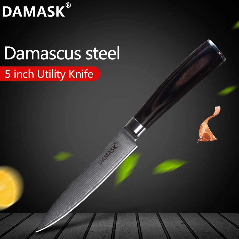 Дамаск ножи 5 дюймов Многофункциональный кухонный нож Цвет деревянной ручкой 73 Слои VG10 японские ножи из дамасской стали режущие инструмент...
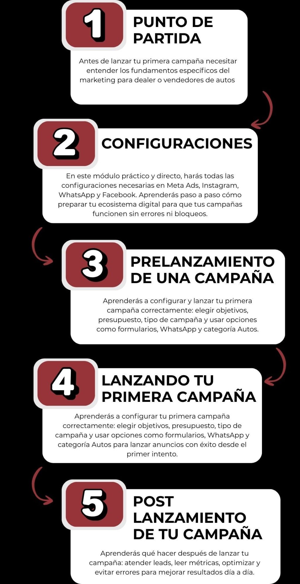Es una formación práctica, paso a paso, creada específicamente para quienes venden autos y necesitan un sistema predecible para generar oportunidades todos los días, sin depender solo del tráfico físico o los referidos.
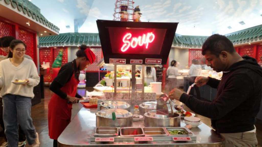 2023年11月22日,顾客在加拿大大多伦多地区一家自助式中餐厅用餐。(图片来源:中新社)
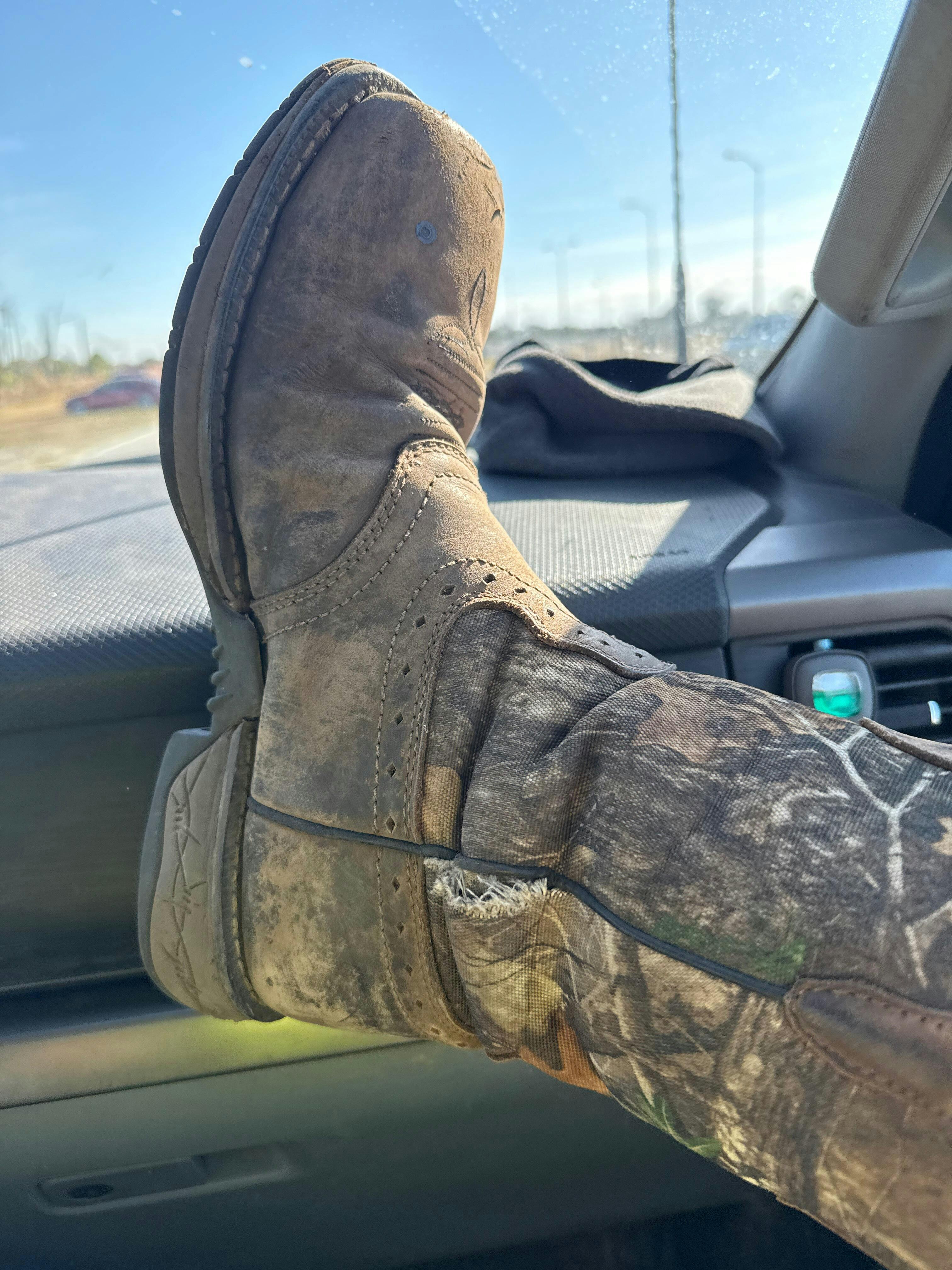 Wore these boots for 4 months the first puddle I stepped in my feet got soaked and the side stitching is ripping after 5 months don’t buy!!
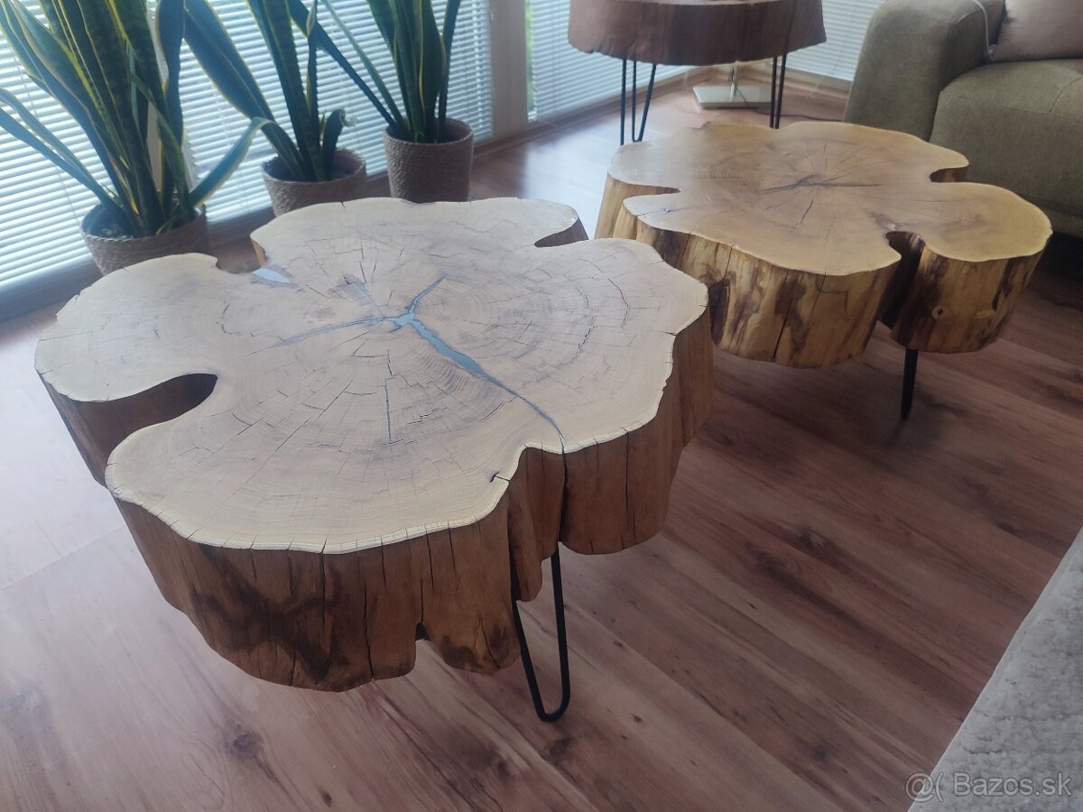 Dva masívne stolíky z 85 ročného AGÁTU, hrúbka 15 cm, výška 40cm resp.45 cm ( inú výšku viem upraviť montážou dlhších resp. kratších nôh) ,priemer cca 75 CM, špáry vyplnené epoxidom, povrchová úprava voskový olej mat . Cena nižšieho (40) =170€, vyššieho (45) =180€. Cena spolu pri kúpe oboch 320€
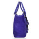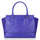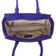 外部结构:宝蓝色牛皮材质,马毛拼接翻盖转扭口袋,两个提手,银色五金配件,拉链闭合
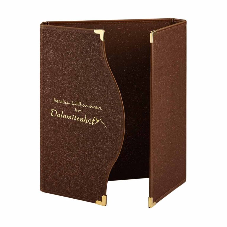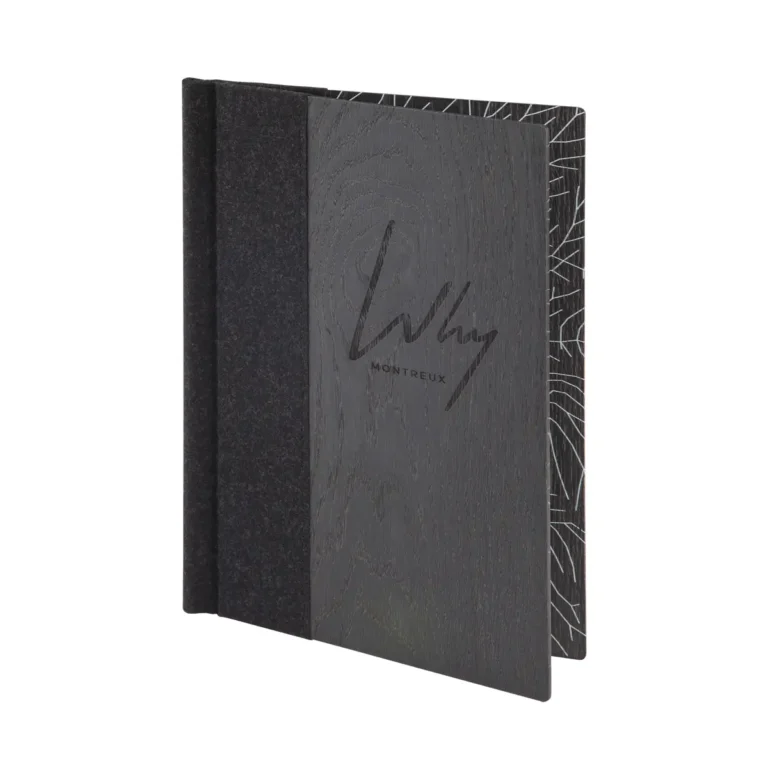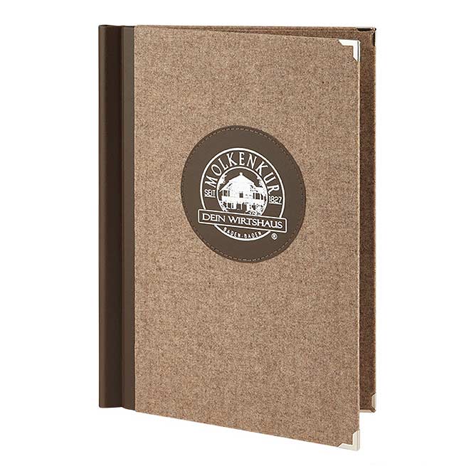 Hochwertige Materialien: Leder, Holz oder Metall werten das Speisekarten-Erlebnis auf.
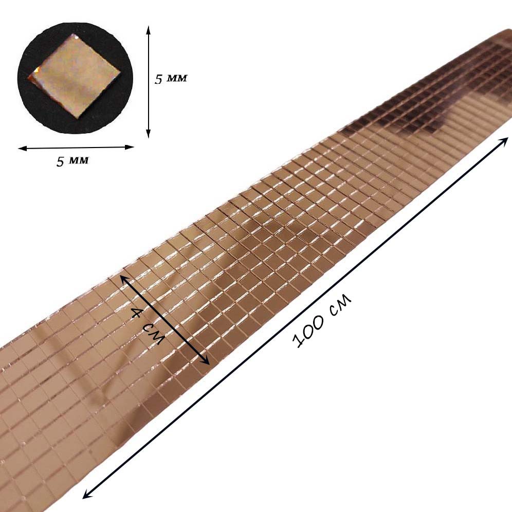 Лента самоклеящаяся зеркальная мозаика стекло, 4см х 1м 5х5мм, шампань

★ ★ ★

** How to complete this task **
Please write out only the material above, exactly, from its first line through the line that contains "2023年11月22日,顾客", and include no pictures.

** Exercise answer **
 Дамаск ножи 5 дюймов Многофункциональный кухонный нож Цвет деревянной ручкой 73 Слои VG10 японские ножи из дамасской стали режущие инструмент...
Es una formación práctica, paso a paso, creada específicamente para quienes venden autos y necesitan un sistema predecible para generar oportunidades todos los días, sin depender solo del tráfico físico o los referidos.
 2023年11月22日,顾客在加拿大大多伦多地区一家自助式中餐厅用餐。(图片来源:中新社)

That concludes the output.